Anyhow, the funny part is the glimpse into the exciting life of a police officer in a place which basically has no crime and no real problems to speak of but is full of rich people and their extremely high level of entitlement.

Here is an example :

A pedestrian was reported not to be doing anything strange other than wearing black pants and a white dress shirt while walking at an odd hour.

I like to think that the Atherton police hotline got a series of panicky phonecalls that tracked this bizarre stranger’s dangerous peregrination through Atherton’s peaceful streets.

Just call after call, every resident along a street calling in sequence, breathless with excitement and thrilled with the imagined danger.

I have this theory that people love to have their fears confirmed. So this stranger really did them a favour. They were probably giddy with pleasure that their irrational paranoia (possibly genetic) finally had something solid to chew on.

Or how about this one :

A woman told police someone was at her door and that when she asked who it was, no one answered. Police responded and determined the stranger outside had delivered a package.

Must be one tough burg to be a UPS guy in.

But this is my favorite :

A resident worried that a noisy hawk in a tree was in some sort of distress. When authorities arrived, the hawk was quiet and enjoying dinner.

Is that not adorable? I love that someone was worried about the hawk and called the police about it. I am not sure what they expected the police to do, but their heart was in the right place.

And that last line about him being “quiet and enjoying dinner” really tickles my funnybone. What a charming way to put it.

I picture a hawk sitting in a tree wearing a bib and eating a Lean Cuisine with a knife and fork, smoking a pipe, and reading the paper. The police show up and he looks down, mildly irritated at the interruption to his “me” time.

“Sorry to interrupt you, sir, but can we ask you a few questions?
“Certainly. Is there a problem, officer?”
“Well, someone reported noise coming from this area and we just wanted to see if everything was OK?”
“Oh, I am so sorry. I did make a bit of a fuss earlier but it was just because I burned my tongue on my Lean Cuisine.
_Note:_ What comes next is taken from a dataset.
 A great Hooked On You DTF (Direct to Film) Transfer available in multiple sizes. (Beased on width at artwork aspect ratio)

Guess I should have let it cool down longer. ”
“No problem, sir. Just remember to poke a hole in the wrapped to let the steam out and wait a few minute next time. Sorry to bother you!”

I have a neato imagination, don’t I?

Finally, I have a fun little video that is not quite what it purports to be.
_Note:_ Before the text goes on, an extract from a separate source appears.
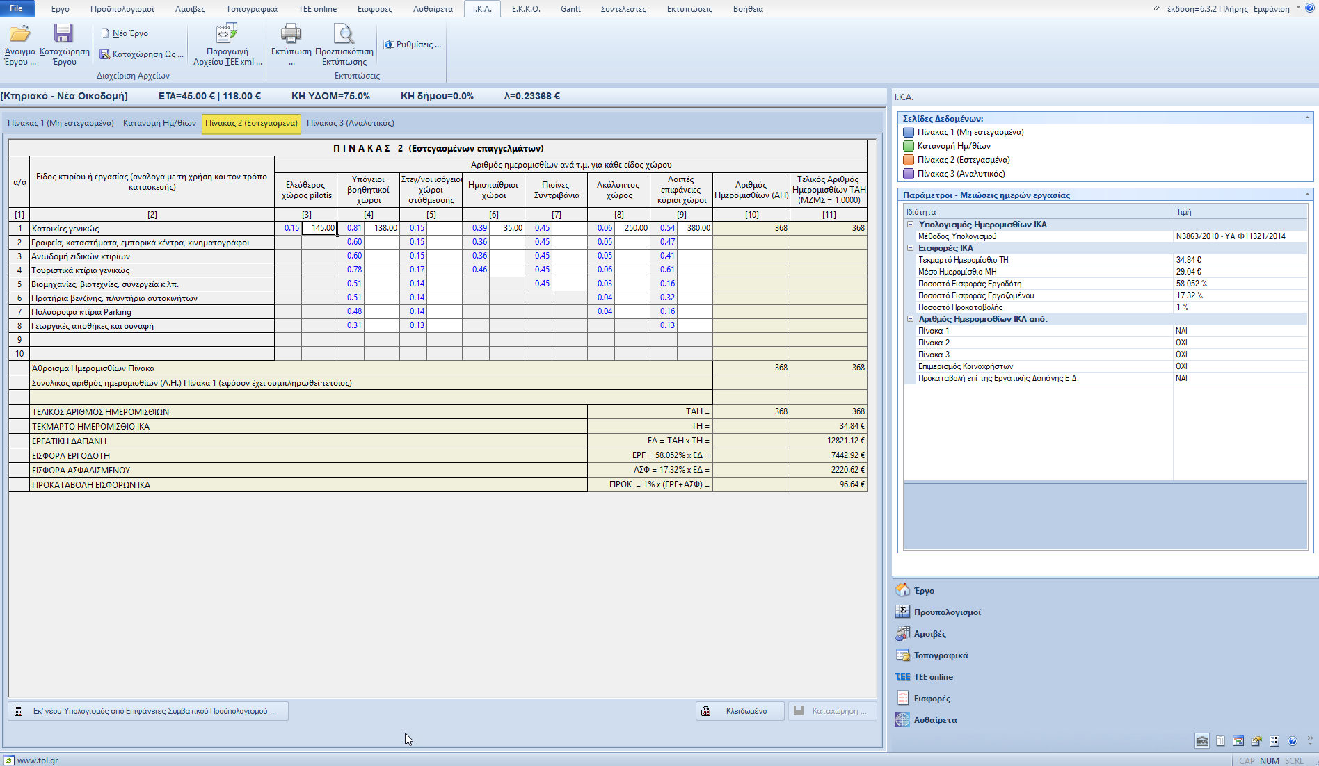 Αν πρόκειται για μεταλλικό κτίριο ή κτίριο που κατασκευάζεται από συνεργεία στεγασμένων επαγγελμάτων το πρόγραμμα συμπληρώνει τον πίνακα 2 του ΙΚΑ. Το πλήθος των ημερομισθίων που προκύπτουν από τον πίνακα 2 είναι σημαντικά μειωμένο σε σχέση με τον πίνακα 1, άρα προκύπτει σημαντικό όφελος για τον κύριο του έργου. Εφόσον τα ημερομίσθια υπολογίζονται ταυτόχρονα με τον πίνακα 1 και με τον πίνακα 2, στον πίνακα 2 μεταφέρεται το σύνολο των ημερομισθίων του πίνακα 1 ώστε ο τελικός αριθμός ημερομισθίων του πίνακα 2 να είναι ο συνολικός.

It starts off looking like a potentially real documentary. Then, it seems like a fake documentary done for comedic effect, albeit an oddly subtle one.

But what it really is, I have concluded, is an excuse to show off some fairly well executed video edit type special effects to make it look like there are some seriously insane carnival rides out there and see if anyone will rise to the bait and think they were real.

And I will admit, I was fooled at first, but come on. If you can’t figure out that this could not possibly be real when they talk about a ride that takes 45 hours, you are clearly clue deficient.

I admit, I really love that last one, the Steam Cannon Catapult. I just love the way it looks. There is an elegance to the various tracks tapering off into the sky in different directions that appeals to me.

And I love the line about it causing people to “readjust key goals and life aspirations”. That is some very good comedy writing, because it is so understated and yet it implies so much.

Well that’s it for today, folks! Tune in tomorrow for more of whatever it is that feels like coming out of my head and wriggling through the wires into your brains that day.

But, you know, not in a creepy way.

One thought on “Still more stuff

  1. Vespertiliologist? Well, maybe… but that could also be someone who studies just the family Vespertilionidae (Vesper bats, aka plain-nosed bats), which is only about 1/3 of the bat species. Other suggestions I found are “chiropterist” and “chiropterologist”, based on the order Chiroptera, which includes all bats.